* **Information supplied**
-------------------------

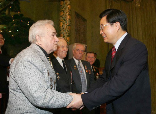 Председатель КНР Ху Цзиньтао 8 мая в посольстве КНР в Москве встретился с российскими ветеранами, в свое время участвовавшими в антияпонской войне и Великой Отечественной войне.
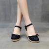 Odkryj doskonałe połączenie stylu i komfortu dzięki tym damskim sandałom na koturnie w koreańskim stylu. Wykonane z wysokiej jakości lnu jako materiału wierzchniego, te sandały oferują przewiewny i elegancki wygląd. Szpiczasty nosek dodaje elegancji, a sprzączka zapewnia bezpieczne dopasowanie.. Podeszwa z TPR zapewnia doskonałą trwałość i przyczepność, a tekstylna wyściółka zwiększa komfort podczas długotrwałego noszenia.. Idealne na każdą okazję, te sandały z pewnością staną się podstawą Twojej garderoby.
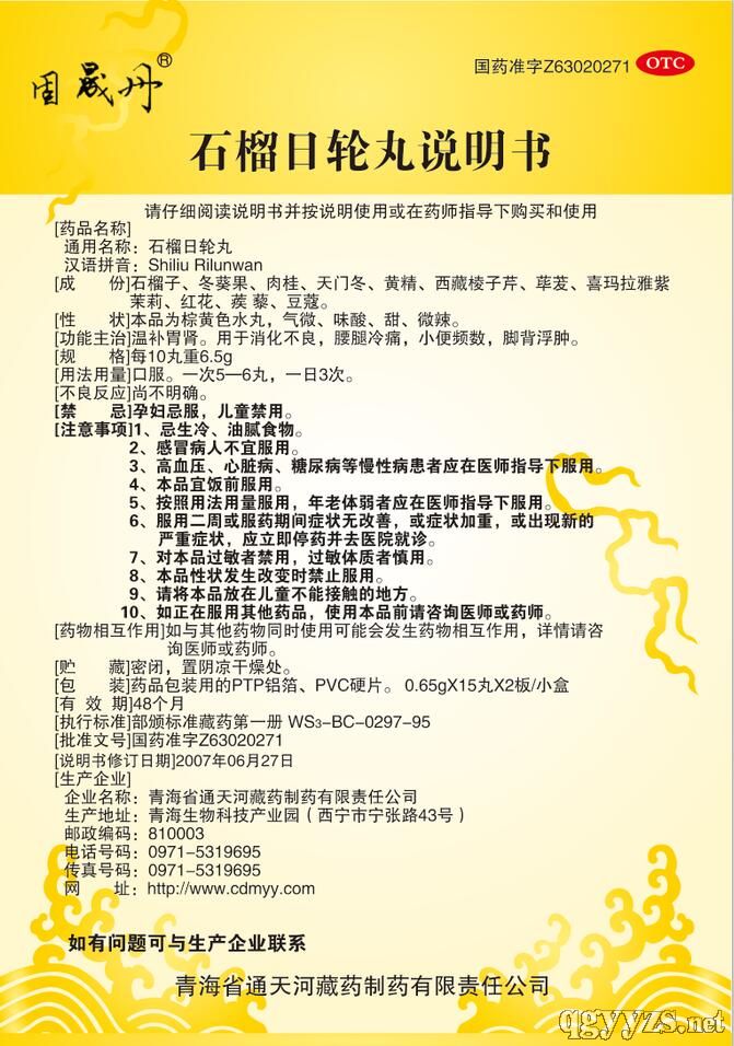 生產(chǎn)企業(yè): 青海省通天河藏藥制藥有限責(zé)任公司

-------------------------

* **Task instructions**
Reproduce every line above exactly, pictures excluded.

* **Solution to this task**
 Председатель КНР Ху Цзиньтао 8 мая в посольстве КНР в Москве встретился с российскими ветеранами, в свое время участвовавшими в антияпонской войне и Великой Отечественной войне.
 Odkryj doskonałe połączenie stylu i komfortu dzięki tym damskim sandałom na koturnie w koreańskim stylu. Wykonane z wysokiej jakości lnu jako materiału wierzchniego, te sandały oferują przewiewny i elegancki wygląd. Szpiczasty nosek dodaje elegancji, a sprzączka zapewnia bezpieczne dopasowanie.. Podeszwa z TPR zapewnia doskonałą trwałość i przyczepność, a tekstylna wyściółka zwiększa komfort podczas długotrwałego noszenia.. Idealne na każdą okazję, te sandały z pewnością staną się podstawą Twojej garderoby.
 生產(chǎn)企業(yè): 青海省通天河藏藥制藥有限責(zé)任公司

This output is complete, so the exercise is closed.